A concave lens of glass, refractive index $1.5$ has both surfaces of same radius of curvature R. On immersion in a medium of refractive index $1.75$, it will behave as a
a)convergent lens of focal length $3.5$ R
b)convergent lens of focal length $3.0$ R
c)divergent lens of focal length $3.5$ R
d)divergent lens of focal length $3.0$ R

Answer 1

Hint: Convergent and divergent nature of lens can be found by the sign of focal length. If F is positive then lens will be convergent and When F is negative then lens will be divergent.
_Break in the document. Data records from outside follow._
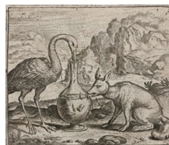
⑥ヨースト・ファン・デン・フォンデル著 マルクス・ヘーラーツ画・刻『動物の素晴らしき楽園』 (刊行年不明 アムステルダム刊 個人蔵)【後期】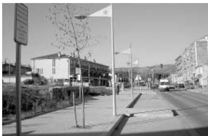
La multa per no respectar la limitació serà de 30 euros.

L'aparcament màxim en les zones blaves, que són gratuïtes, és de 90 minuts entre les 8 del matí i les 2 de la tarda, i entre les 4 de la tarda i les 8 del vespre. La multa per incomplir aquests horaris és de 30 euros. Inicialment cada conductor haurà de deixar un paper a l'interior del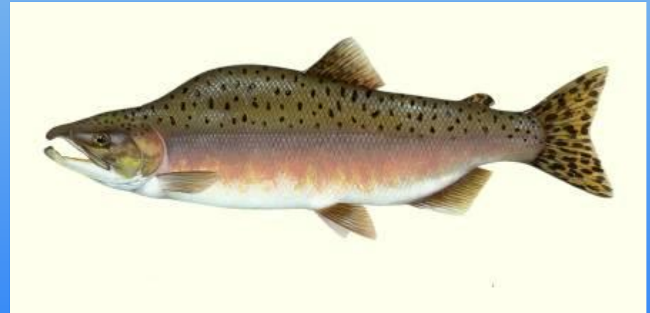
самец в брачный период

We will use the lens maker formula for finding F as it gives relation between focal length, radius of curvature and refractive index.
Formula Used:
We will use Lens Maker Formula given by-
$\dfrac{1}{F}=\left(\dfrac{\mu_{L}}{\mu_{S}}-1\right) \left(\dfrac{1}{R_{1}} - \dfrac{1}{R_{2}}\right)$
Where, $\mu_{L}$ is the refractive index of the lens.
$\mu_{S}$ is the refractive index of the surrounding medium.
$R_{1}$and $R_{2}$ are the radius of curvature.
F is the focal length.

Complete answer:
Given-
$R_{1}$= -R (its radius is in negative x-axis)
$R_{2}$= R (its radius is in positive x-axis)
$\mu_{L}$= $1.5$
$\mu_{S}$= $1.75$
Now we will use the lens maker formula.
$\dfrac{1}{F}=\left(\dfrac{\mu_{L}}{\mu_{S}}-1\right) \left(\dfrac{1}{R_{1}} - \dfrac{1}{R_{2}}\right)$
Now we will put values of $R_{1}$, $R_{2}$,$\mu_{L}$ and $\mu_{S}$.
After putting all these values we will get-
$\dfrac{1}{F}=\left(\dfrac{1.5}{1.75}-1\right) \left(\dfrac{1}{-R} - \dfrac{1}{R}\right)$
$\dfrac{1}{F}=\left(\dfrac{1.5}{1.75}-1\right) \left(\dfrac{-2}{R}\right) = \left(\dfrac{-0.25}{1.75}\right) \left(\dfrac{-2}{R}\right)$
$F = \left(\dfrac{-1.75}{0.25}\right)\left(\dfrac{-R}{2}\right) = 3.5 R$
F is positive with a value of $3.5$ R. So, the lens will behave as a convergent lens of focal length $3.5$ R.

Option(a) is correct.

Additional information:
The lens's focal length depends on the refractive index of the lens's material and radii of curvature of two coverings. Lens manufacturers use it to make particular power lenses from the glass of a given refractive index.

Note:
During Lens maker formula derivation, it is assumed that lens is thin. If there is some thickness of the lens, we cannot use the lens maker formula. There should be the same material on both sides of the lens. This is a limitation of the lens maker formula.